Another analyst, Ahmad Mohsein Azman of political risk consultancy BowerGroupAsia, said it was more likely that Southeast Asian countries would maintain the status quo in the near term.
“Countries like Malaysia and Vietnam have garnered the attention of the U.S. due to their trade surplus position, largely due to the countries’ involvement in the semiconductor supply chain,” he told BenarNews.

“With or without BRICS, these countries [would] still be in the U.S.’ sights for [potential] trade retaliation.”

‘Need to engage all countries’

Even though a BRICS currency may not become a reality now or later, many of its members, partner-nations and supporters are already working towards reducing their reliance on the greenback and contemplating building alternative financial systems, BRICS expert Papa said.

In Southeast Asia, Malaysian PM Anwar has made no secret of his firm support for BRICS.

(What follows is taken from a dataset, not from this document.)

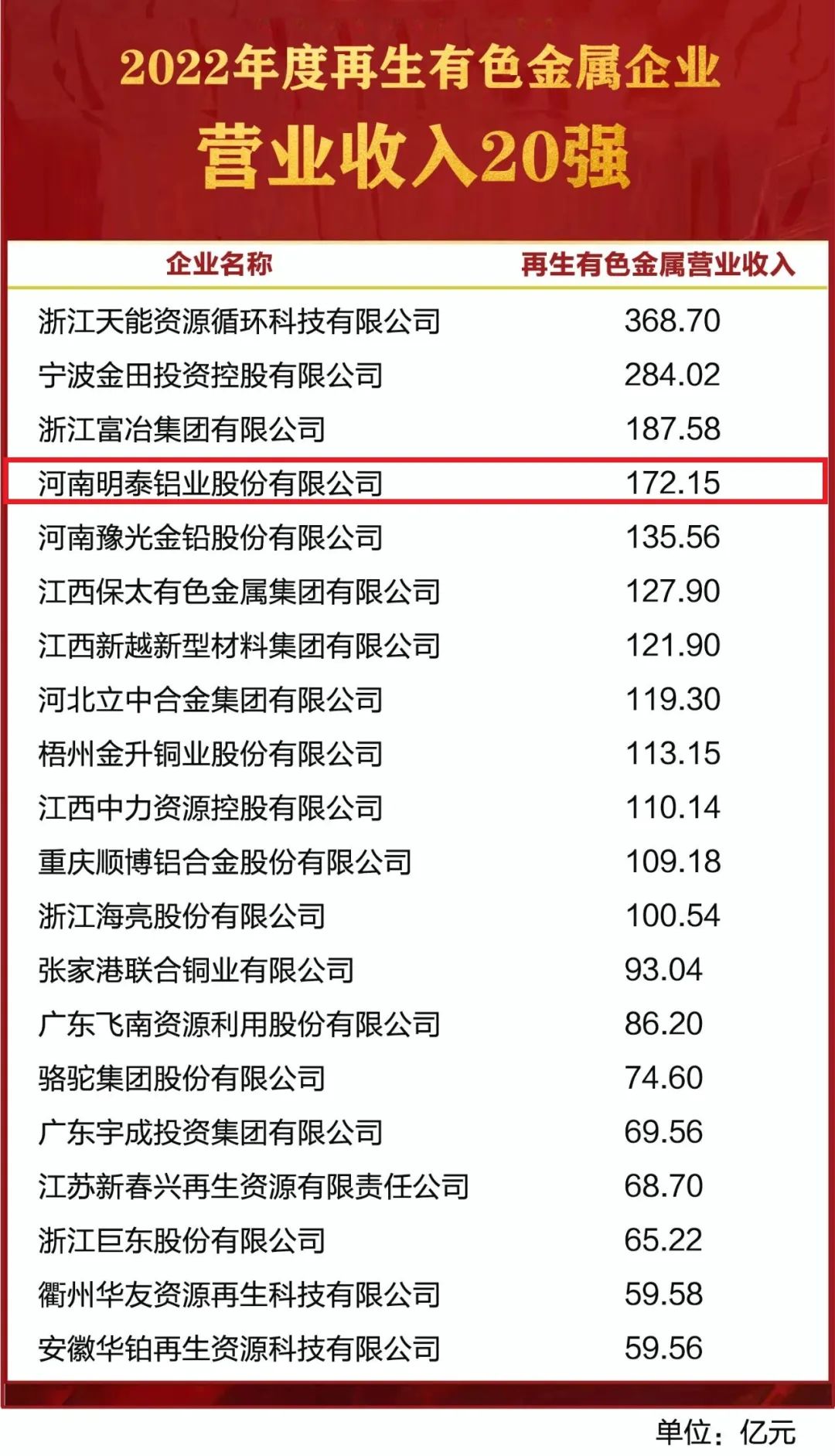 為深入貫徹黨的二十大精神,彰顯再生有色金屬企業(yè)貫徹新發(fā)展理念、實現(xiàn)高質(zhì)量發(fā)展的示范引領(lǐng)作用,再生金屬分會開展了2022年度再生有色金屬企業(yè)營業(yè)收入20強(qiáng)申報工作,經(jīng)審核、公示且無異議,現(xiàn)對2022年度再生有色金屬企業(yè)營業(yè)收入20強(qiáng)名單予以發(fā)布。2022年明泰鋁業(yè)再生有色金屬營業(yè)收入達(dá)到172.15億元,排名第4位。

A BRICS partner-country, Malaysia will take on the rotating chair of the ASEAN bloc in January, placing it squarely within the fallout zone of any economic or trade conflict between the U.S. and BRICS nations.

Perhaps that explained the cautious response from Tengku Zafrul Aziz, Malaysia’s investment, trade and industry minister, who on Tuesday said Trump’s “tariff threats” would be monitored.

“I think we have to watch closely what the potential developments are that may affect not just BRICS countries,” state-news agency Bernama quoted him as saying.

“Malaysia, like I said, we are open for business. We are open for trade and we believe that we need to engage all countries.”